Glove box installed and brackets welded in.

Autometer ProComp Ultralight gauges installed


----------



## crnacnac (Aug 3, 2004)

Cut a hole form interior to fender areaa. Fabbed up some enclosures for the midbass drivers out of 12g steel.


----------



## crnacnac (Aug 3, 2004)

I decided to go further into the mid bass enclosure install and cut open the lower A pillar. I plated the hinge supports with 3/16" then boxed and plug welded it with 12gauge.
The amp rack I previously made was cut out so I could add a 3rd ALPINE PDX amp.
I also added brackets so the rack is removable. An 1/8" plate was added between the A and B pillar to help support the amp rack.
The baffle for the mids are two 3/4"mdf stacked rings with 10/32" nutserts and a band of sintra to recess a flush mounted grill. The mid fiberglass/mdf portion is attached with seven 1/4-20 rivnuts and bolts on top of a rubber seal to form a sealed enclosure.


----------



## crnacnac (Aug 3, 2004)




----------



## crnacnac (Aug 3, 2004)

Layered up with mat, sanded smooth with body filler. A mixture of Marglass and resin was poured into the inside of the pods then a layer of Dynamat was added. A grill was made out of 1/2"mdf and expanded metal then the grill and pod were wrapped with black non backing carpet. The entire enclosure was stuffed with Focal Black Hole Stuff.


----------



## crnacnac (Aug 3, 2004)

Next up is installing my iPad. First the iPad and dash were tapped off and layered up with fiberglass mat, trimmed to size then the two were attached together using Marglass. A bracket with two 1/4"-20 bolts was glassed to the back of the iPad mount.


----------



## crnacnac (Aug 3, 2004)

Polyprimed

Guidecoated

Wet sanded to 600

Sprayed with SEM Flat Trim Black


----------



## firestartergli (Feb 14, 2004)

Very nice work, I love the idea of building the enclosures for the mid/bass drivers. Good hustle!! keep us updated.


----------



## crnacnac (Aug 3, 2004)

Thank you.

Full dash/midbass pods-





I decided on Illusion Audio Carbon C6's for my components.
10's have been changed to 12's. Going with JL12w3v3's


----------



## crnacnac (Aug 3, 2004)

I squeezed a little more air space after working around the seat belt retractors. 

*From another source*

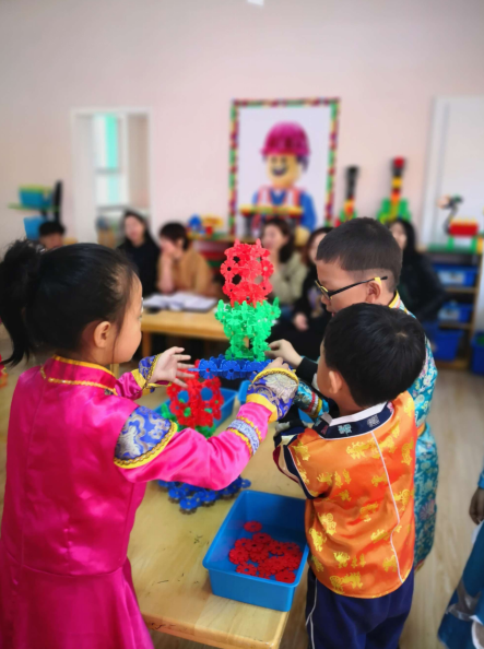 每个小朋友都负责搭建了一部分作品,每个人的作品连在一起就有了每个小组共同的作品,合作游戏可真有趣。

A mixture of resin and filler was poured over the fiberglass then sound deadened.

Craft felt attached and resined.


----------



## vdubspeed (Jul 19, 2002)

Dude I don't stumble into this forum much...But this is awesome craftsmanship!!!!:beer:


----------



## crnacnac (Aug 3, 2004)

Thank you

Layered up with 10 layers of mat. Almost killed the 4th gallon of resin on this build.

I needed 2.39cu ft of internal airspace, I ended up with 2.55cu ft.


----------



## crnacnac (Aug 3, 2004)

Rings for the tweeters mounted on some A pillar trims I've had for 25 years, and my gf says I hang on to too much $hit
Stretched with grill cloth, resined, 2 layers of cloth, body worked, and mixture of filler/resin poured into the pod to make it more solid.


----------



## MaxxedOutMotors (Nov 5, 2004)

Great job on the install. How are the door panels looking?


----------



## crnacnac (Aug 3, 2004)

MaxxedOutMotors said:


> Great job on the install. How are the door panels looking?


Like a$$. Those are coming up soon.


----------



## crnacnac (Aug 3, 2004)

I want to add cup holders but the E brake handle was in the way so out it went. I made a void in the sub enclosure by glassing over a 4" pvc and added an actuator.






video


----------



## MaxxedOutMotors (Nov 5, 2004)

That's a great idea for the ebrake! How are you gonna set that up on the final install, with a micro controller?


----------



## crnacnac (Aug 3, 2004)

MaxxedOutMotors said:


> That's a great idea for the ebrake! How are you gonna set that up on the final install, with a micro controller?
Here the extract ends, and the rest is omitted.